● **MATERIAL FOR THIS TASK**:
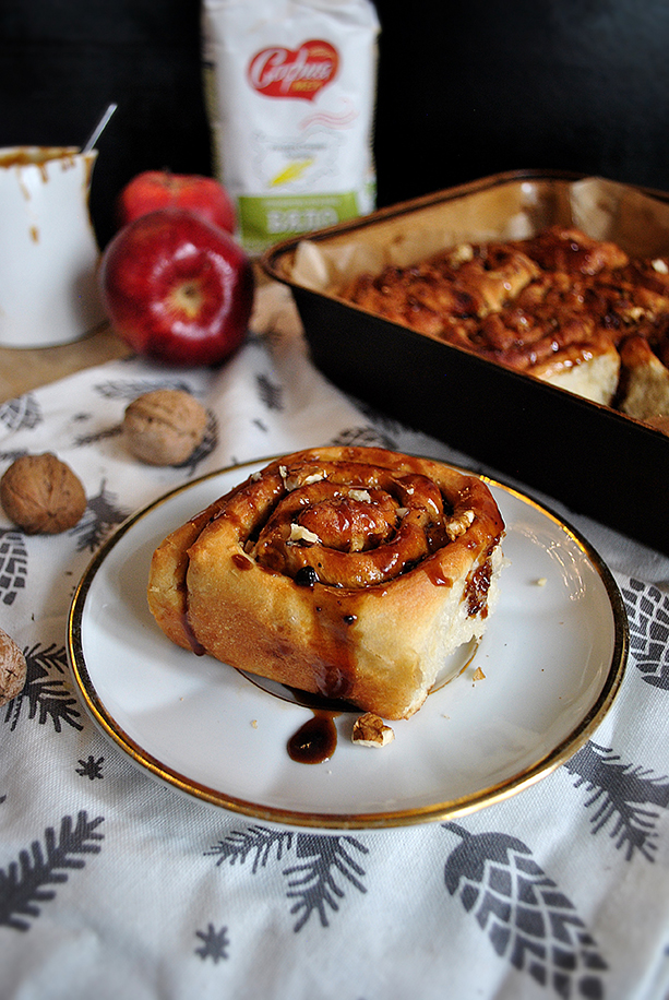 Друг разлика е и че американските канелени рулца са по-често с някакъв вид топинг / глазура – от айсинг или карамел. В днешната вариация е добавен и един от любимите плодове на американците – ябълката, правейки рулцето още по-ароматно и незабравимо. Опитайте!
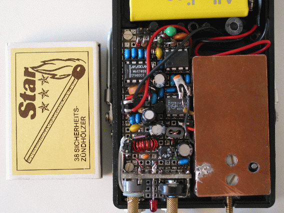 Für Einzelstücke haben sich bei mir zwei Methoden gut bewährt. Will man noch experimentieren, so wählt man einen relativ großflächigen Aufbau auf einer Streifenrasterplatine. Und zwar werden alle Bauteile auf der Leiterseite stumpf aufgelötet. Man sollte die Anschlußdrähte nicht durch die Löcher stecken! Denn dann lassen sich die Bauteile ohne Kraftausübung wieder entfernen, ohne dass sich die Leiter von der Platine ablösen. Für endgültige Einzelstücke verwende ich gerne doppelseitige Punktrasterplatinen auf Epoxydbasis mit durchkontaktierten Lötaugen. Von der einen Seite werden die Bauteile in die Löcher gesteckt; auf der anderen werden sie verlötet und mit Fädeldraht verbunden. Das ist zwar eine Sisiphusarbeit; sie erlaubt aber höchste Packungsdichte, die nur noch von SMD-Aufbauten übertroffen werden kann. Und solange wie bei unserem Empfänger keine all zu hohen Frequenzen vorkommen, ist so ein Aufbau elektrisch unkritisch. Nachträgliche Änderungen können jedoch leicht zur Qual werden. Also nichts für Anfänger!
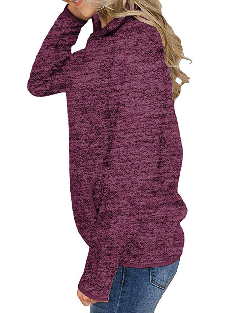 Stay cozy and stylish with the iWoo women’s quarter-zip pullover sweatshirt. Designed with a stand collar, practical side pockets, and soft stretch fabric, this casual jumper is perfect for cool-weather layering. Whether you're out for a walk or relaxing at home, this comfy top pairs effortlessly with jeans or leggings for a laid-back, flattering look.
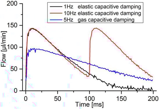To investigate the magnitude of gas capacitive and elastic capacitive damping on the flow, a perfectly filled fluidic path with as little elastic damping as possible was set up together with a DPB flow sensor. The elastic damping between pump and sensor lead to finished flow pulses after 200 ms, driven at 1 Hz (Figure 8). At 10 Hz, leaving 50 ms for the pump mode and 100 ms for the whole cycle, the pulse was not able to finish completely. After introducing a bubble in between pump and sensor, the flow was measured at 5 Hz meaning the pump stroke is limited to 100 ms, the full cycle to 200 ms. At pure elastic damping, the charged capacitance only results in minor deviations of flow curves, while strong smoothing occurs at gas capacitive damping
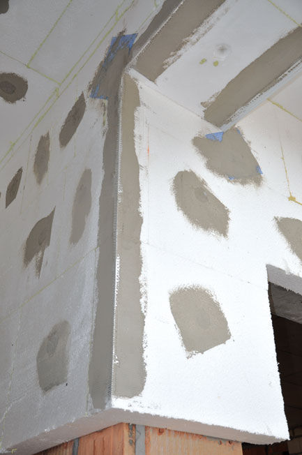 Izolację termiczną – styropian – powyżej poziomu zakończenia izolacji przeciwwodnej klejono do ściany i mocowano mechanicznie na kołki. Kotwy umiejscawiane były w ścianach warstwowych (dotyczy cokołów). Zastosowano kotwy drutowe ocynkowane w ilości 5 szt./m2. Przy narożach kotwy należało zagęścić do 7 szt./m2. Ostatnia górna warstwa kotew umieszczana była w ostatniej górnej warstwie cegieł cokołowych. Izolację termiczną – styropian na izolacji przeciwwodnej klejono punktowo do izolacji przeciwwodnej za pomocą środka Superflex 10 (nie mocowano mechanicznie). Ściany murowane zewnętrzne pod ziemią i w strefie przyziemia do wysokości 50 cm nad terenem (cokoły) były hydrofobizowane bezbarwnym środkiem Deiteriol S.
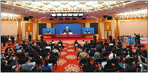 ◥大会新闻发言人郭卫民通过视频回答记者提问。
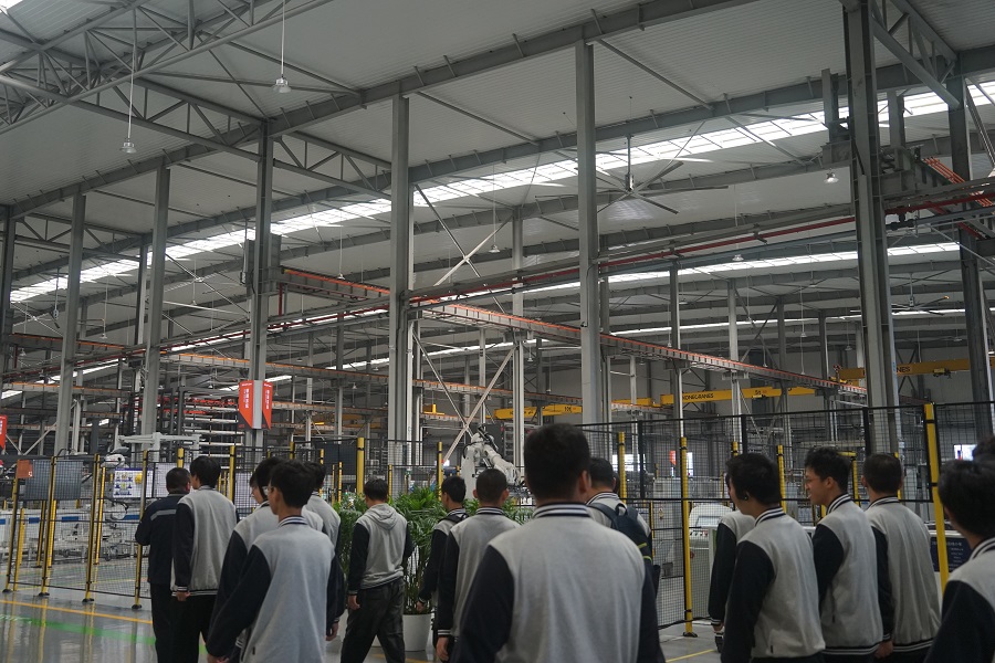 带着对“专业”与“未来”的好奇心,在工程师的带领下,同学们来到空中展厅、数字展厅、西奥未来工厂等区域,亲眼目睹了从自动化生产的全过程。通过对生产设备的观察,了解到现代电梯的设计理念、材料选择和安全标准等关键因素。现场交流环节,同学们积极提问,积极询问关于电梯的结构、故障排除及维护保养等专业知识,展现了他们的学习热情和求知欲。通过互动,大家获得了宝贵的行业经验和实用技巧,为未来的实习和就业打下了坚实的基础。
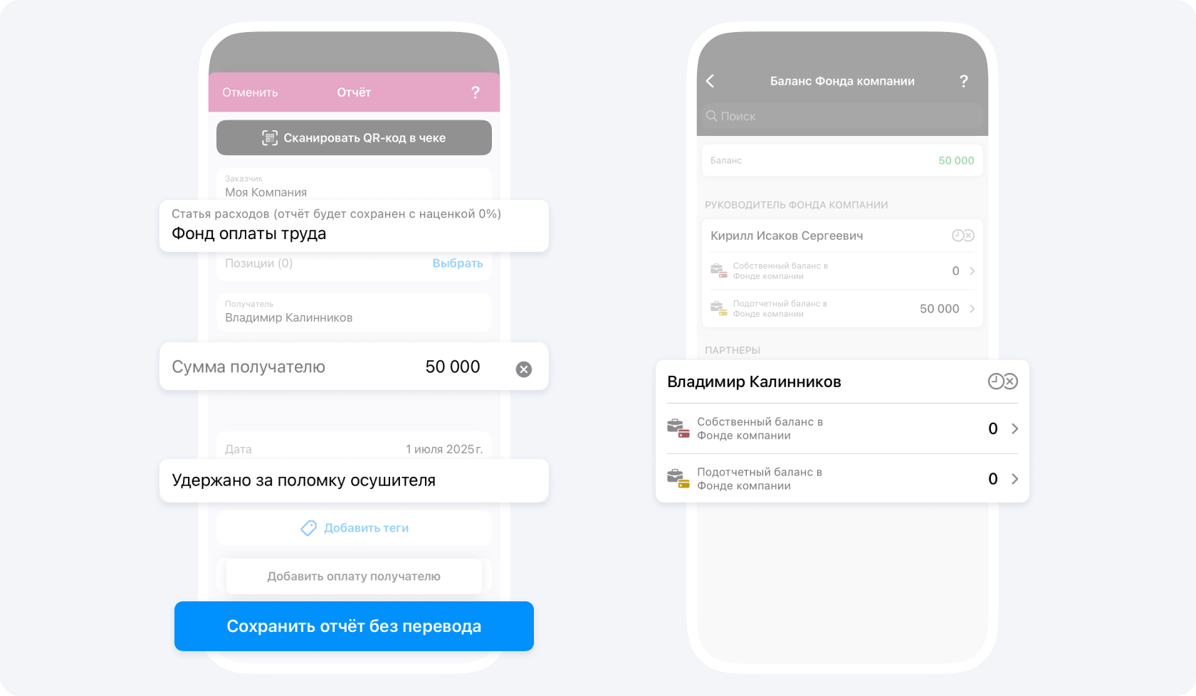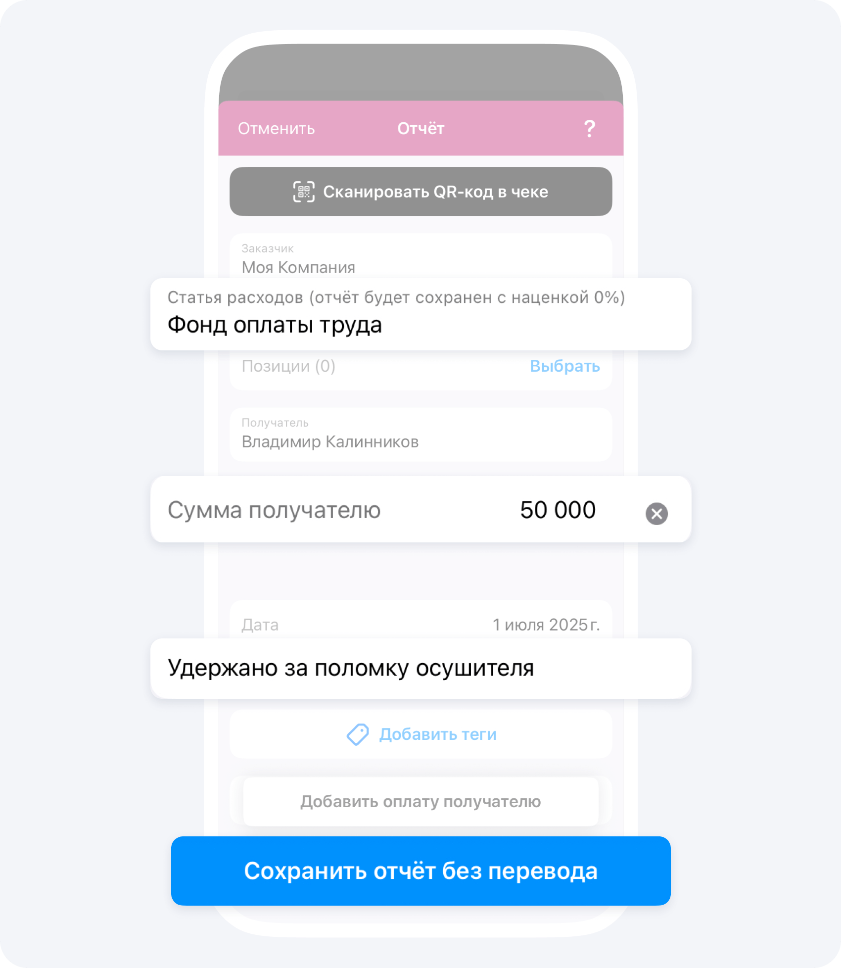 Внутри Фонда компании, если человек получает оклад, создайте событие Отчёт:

● **YOUR INSTRUCTIONS**: Reproduce all of the entries word for word, skipping any pictures they hold.

● **ANSWER SECTION**:
 Друг разлика е и че американските канелени рулца са по-често с някакъв вид топинг / глазура – от айсинг или карамел. В днешната вариация е добавен и един от любимите плодове на американците – ябълката, правейки рулцето още по-ароматно и незабравимо. Опитайте!
 Für Einzelstücke haben sich bei mir zwei Methoden gut bewährt. Will man noch experimentieren, so wählt man einen relativ großflächigen Aufbau auf einer Streifenrasterplatine. Und zwar werden alle Bauteile auf der Leiterseite stumpf aufgelötet. Man sollte die Anschlußdrähte nicht durch die Löcher stecken! Denn dann lassen sich die Bauteile ohne Kraftausübung wieder entfernen, ohne dass sich die Leiter von der Platine ablösen. Für endgültige Einzelstücke verwende ich gerne doppelseitige Punktrasterplatinen auf Epoxydbasis mit durchkontaktierten Lötaugen. Von der einen Seite werden die Bauteile in die Löcher gesteckt; auf der anderen werden sie verlötet und mit Fädeldraht verbunden. Das ist zwar eine Sisiphusarbeit; sie erlaubt aber höchste Packungsdichte, die nur noch von SMD-Aufbauten übertroffen werden kann. Und solange wie bei unserem Empfänger keine all zu hohen Frequenzen vorkommen, ist so ein Aufbau elektrisch unkritisch. Nachträgliche Änderungen können jedoch leicht zur Qual werden. Also nichts für Anfänger!
 Stay cozy and stylish with the iWoo women’s quarter-zip pullover sweatshirt. Designed with a stand collar, practical side pockets, and soft stretch fabric, this casual jumper is perfect for cool-weather layering. Whether you're out for a walk or relaxing at home, this comfy top pairs effortlessly with jeans or leggings for a laid-back, flattering look.
To investigate the magnitude of gas capacitive and elastic capacitive damping on the flow, a perfectly filled fluidic path with as little elastic damping as possible was set up together with a DPB flow sensor. The elastic damping between pump and sensor lead to finished flow pulses after 200 ms, driven at 1 Hz (Figure 8). At 10 Hz, leaving 50 ms for the pump mode and 100 ms for the whole cycle, the pulse was not able to finish completely. After introducing a bubble in between pump and sensor, the flow was measured at 5 Hz meaning the pump stroke is limited to 100 ms, the full cycle to 200 ms. At pure elastic damping, the charged capacitance only results in minor deviations of flow curves, while strong smoothing occurs at gas capacitive damping
 Izolację termiczną – styropian – powyżej poziomu zakończenia izolacji przeciwwodnej klejono do ściany i mocowano mechanicznie na kołki. Kotwy umiejscawiane były w ścianach warstwowych (dotyczy cokołów). Zastosowano kotwy drutowe ocynkowane w ilości 5 szt./m2. Przy narożach kotwy należało zagęścić do 7 szt./m2. Ostatnia górna warstwa kotew umieszczana była w ostatniej górnej warstwie cegieł cokołowych. Izolację termiczną – styropian na izolacji przeciwwodnej klejono punktowo do izolacji przeciwwodnej za pomocą środka Superflex 10 (nie mocowano mechanicznie). Ściany murowane zewnętrzne pod ziemią i w strefie przyziemia do wysokości 50 cm nad terenem (cokoły) były hydrofobizowane bezbarwnym środkiem Deiteriol S.
 ◥大会新闻发言人郭卫民通过视频回答记者提问。
 带着对“专业”与“未来”的好奇心,在工程师的带领下,同学们来到空中展厅、数字展厅、西奥未来工厂等区域,亲眼目睹了从自动化生产的全过程。通过对生产设备的观察,了解到现代电梯的设计理念、材料选择和安全标准等关键因素。现场交流环节,同学们积极提问,积极询问关于电梯的结构、故障排除及维护保养等专业知识,展现了他们的学习热情和求知欲。通过互动,大家获得了宝贵的行业经验和实用技巧,为未来的实习和就业打下了坚实的基础。
 Внутри Фонда компании, если человек получает оклад, создайте событие Отчёт:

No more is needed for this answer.